Defense Against the Dark Arts

by Book Exchange Wednesday, Dec. 28, 2022 at 7:34 PM

A Guide to Security Culture, Privacy & Underground Tradecraft

Privacy today faces growing threats from a growing surveillance apparatus that is too often justified in the name of national security. Numerous government agencies—including the National Security Agency, the Federal Bureau of Investigation, the Department of Homeland Security, and state and local law enforcement agencies—intrude upon the private communications of innocent citizens, amass vast databases of who we call and when, and catalog “suspicious activities” based on the vaguest standards. Even if you’re not doing anything wrong, you’re being watched and recorded. And the storage capability of these systems increases every year consistently, by orders of magnitude, to where it’s getting to the point you don’t have to have done anything wrong. You simply have to eventually fall under suspicion from somebody, even by a wrong call, and then they can use the system to go back in time and scrutinize every decision you’ve ever made, every friend you’ve ever discussed something with, and attack you on that basis, to sort of derive suspicion from an innocent life and paint anyone in the context of a wrongdoer. Even the most truthful and innocent comment can be used to bring criminal charges against you, or to get you listed as a “threat” by some government agency. U.S. Supreme Court Justice Stephen Breyer, writing in Rubin v. United States 524 U.S. 1301 (1998) stated: “The complexity of modern federal criminal law, codified in several thousand sections of the United States Code and the virtually infinite variety of factual circumstances that might trigger an investigation into a possible violation of the law, make it difficult for anyone to know, in advance, just when a particular set of statements might later appear (to a prosecutor) to be relevant to some such investigation.”

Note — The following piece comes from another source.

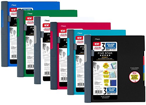 Five Star Advance Spiral Notebook-Standard Size, 3-Subject, 150 College-Ruled Sheets, 11 x 8.5 Inch Sheet Size, Assorted Colors, 6 Pack

Without any factual indication of wrongdoing or threat to national security, government agents may now use intrusive investigative techniques including but not limited to confidential informants, interviews under false pretenses, and unlimited physical surveillance techniques previously reserved for investigations supported by a factual criminal predicate. You don’t have to have done anything wrong to become a target of government retaliation, investigation, and harassment.

This book highlights the threat from the surveillance state, from government over-reach, police corruption, and the constant intrusion into our private lives. The author then lists several programs, apps, and tools that you can use to fight back against the surveillance state and build a security culture that helps to protect yourself from government over-reach, abuse, harassment, and other misconduct.